6: A change in the distribution of genetic factors changes the distribution of the phenotype.


I'm not sure they would have a problem with your definition at all. It depends on how you characterize 'fitness'. If 'fit' just means 'likely to survive', then I think they're fine with it. You've given a mechanism in which whole phenotypes are selected. They have no problems with selection of whole phenotypes. They will have a problem if you say that a certain phenotypic trait is fitness-inducing, however. It doesn't look like the mechanism you've given has the resources to distinguish traits that are selected for. This means that we can't talk about the functions of phenotypic traits. We can't say that the heart evolved for pumping blood instead of making a lub-dub noise. It also means that we can't say that there are such things as free riders (if free riders are traits that are not selected for). If you want to disagree with any of this, you need to say something about phenotypic traits in your description of the mechanism.

Note that F and P-P will agree that we have hearts because our ancestors had hearts and the blood-pumping action of hearts in the past helped our ancestors survive. But this is just natural history and not a statement in an autonomous evolutionary theory. It has no lawlike character---nothing about it will generalize to new instances---and that's a necessary feature of sciences.
posted by painquale at 8:33 PM on October 19, 2010


painquale: You've given a mechanism in which whole phenotypes are selected. They will have a problem if you say that a certain phenotypic trait is fitness-inducing, however.

Which is little more than an objection created by semantic hair-splitting as a phenotype is a trait.

It doesn't look like the mechanism you've given has the resources to distinguish traits that are selected for.

#3. Obviously if variations across a phenotypic range create differential fitness, parts of that range are selected for.

This means that we can't talk about the functions of phenotypic traits. We can't say that the heart evolved for pumping blood instead of making a lub-dub noise.

Why not? Across the animal kingdom, the ability to transport oxygen to tissues has a profound impact on an animal's metabolic needs and lifestyle. The fact that some types of hearts make a lub-dub sound is a side-effect But of course, you're just being argumentative because...

Note that F and P-P will agree that we have hearts because our ancestors had hearts and the blood-pumping action of hearts in the past helped our ancestors survive. But this is just natural history and not a statement in an autonomous evolutionary theory. It has no lawlike character---nothing about it will generalize to new instances---and that's a necessary feature of sciences.

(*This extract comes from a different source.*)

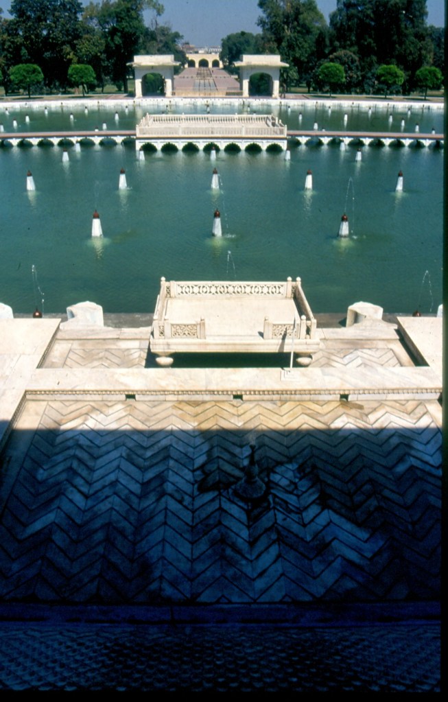 The garden has three broad terraces stepped majestically down to the floodplain. A broad canal feeds hundreds of fountains, pools, and lushly irrigated plantings. It is well known that contemporary Mughal sources refer to Shalamar garden, Lahore as Farah Bakhsh and Faiz Bakhsh. The lowest terrace (Faiz Basksh) was meant for public use, the middle was the emperor’s garden, and contains the most elaborate water system among all Mughal gardens, and the highest (Farah Bakhsh) was reserved for the harem. The design elements are played in an innovative manner creating view and vistas which has never been achieved in any other garden. Shalamar garden is a dynamic realm of visual, acoustic and aromatic effects produced by diurnal and seasonal changes. All its features—flowers, trees, birds, breezes, animals, built structures, water, and light—enhance the experience. In Shalimar Garden, the combination of aesthetic and technical ingenuity produced a garden that must have stunned early visitors.

Which basically concedes natural selection while denying it because of a claim about local variables. The problem here is that the general mechanism matches both correlational and experimental evidence. It's a robust theory whether we're talking about influenza's ability to evade the immune system, or the yield of industrial soya.
posted by KirkJobSluder at 5:51 AM on October 20, 2010


It seems to me that all of these theories break down at the moment of creation.

I've always wondered: Is there some sort of catalog of awful church sign puns, or do the proprietors come up with them independently?
posted by Sys Rq at 8:06 AM on October 20, 2010


Sys Rq: The minister in my family says yes, along with collections of sermon outlines.